Incentive sued Vape and owner Huy Nguyen for $9 million on Aug. 9 in White Plains federal court, alleging breach of contract.
The Greenburgh-based consulting firm alleged that Vape canceled a sales incentive program six weeks after it began on the pretext of impending regulation by the U.S. Food and Drug Administration.
Vape did not respond to a request for comment.
Vape, based in Huntington Beach, California, makes flavored e-liquids used in electronic cigarettes. Its popular Naked 100 line features blends of nicotine and fruity flavors with names such as “Amazing Mango” and “Lava Flow.”
Incentive has been developing business-to-business loyalty programs for 30 years for companies such as Apple, Dunkin’ Donuts and IBM.
A typical loyalty program awards points to employees, based on performance, that workers can then redeem for merchandise.

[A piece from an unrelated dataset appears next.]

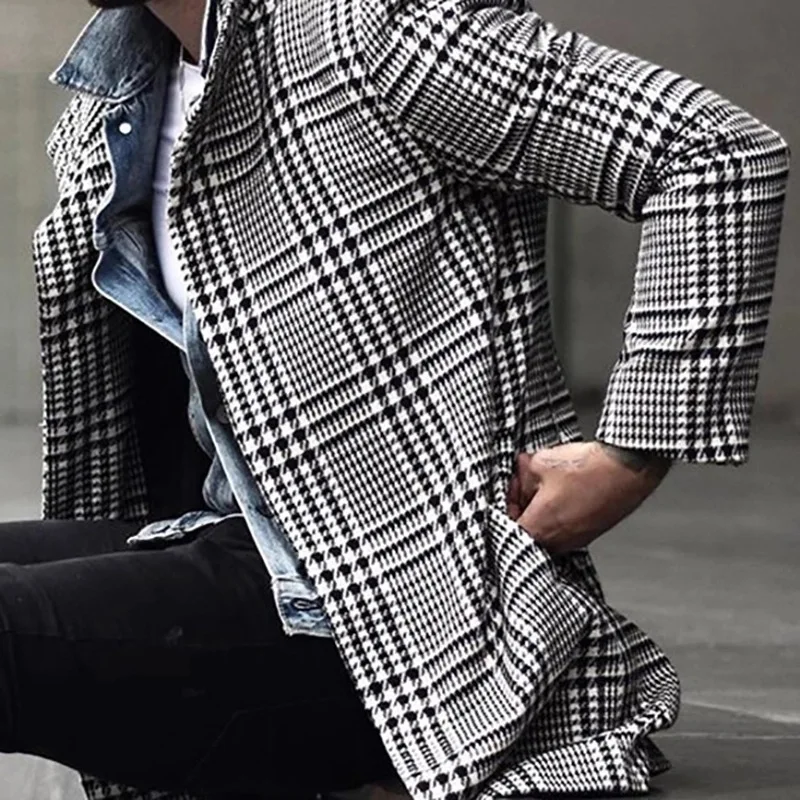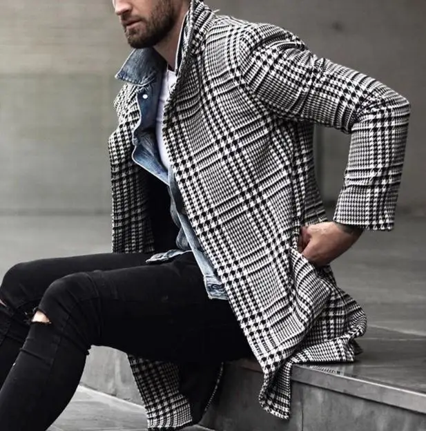 Advbridge Mens Coat Winter Jacket Men Overcoat Warm Clothes Wool Outwear Long Black White Plaid Blends Cardigan Male Coat Plus Size S-3XL

Incentive sells the reward points to the client and gets a monthly management fee. It also makes money on the merchandise, buying at discounted wholesale prices and redeeming at retail prices.
Vape hired Incentive in March to design a rewards program for 300 to 400 sales representatives at 100 retail locations, the complaint stated. It budgeted $6 million to $10 million for three years.
In April, Vape expanded the program to 2,500 sales representative and 400 stores and included store owners and managers. The monthly management fee increased from $4,000 to $12,500.
On May 8, six weeks after the program was launched, Vape “froze” the project. Seventy employees had signed up, but no points had been awarded yet.
Vape, according to the complaint, cited “the clear and identified risks we are facing due to the increased attention and regulation that the FDA is placing not only on our company, but on our industry as a whole.”
But Vape knew about FDA scrutiny when it agreed to the program, Incentive claimed. Last year, the FDA announced that it intends to develop product standards but expects manufacturers to continue marketing products during the review process. Enforcement would not begin until after Aug. 8, 2022.
Vape paid Incentive the initial $20,000 consulting fee, the complaint stated, but it has refused to pay fees totaling $862,500 for early cancellation.
Incentive is demanding either those unpaid fees or all lost profits over the three-year deal, estimated at $9 million.
Incentive is represented by Robert Laplaca and Kristen Rossetti of Verrill Dana LLP in Westport, Connecticut.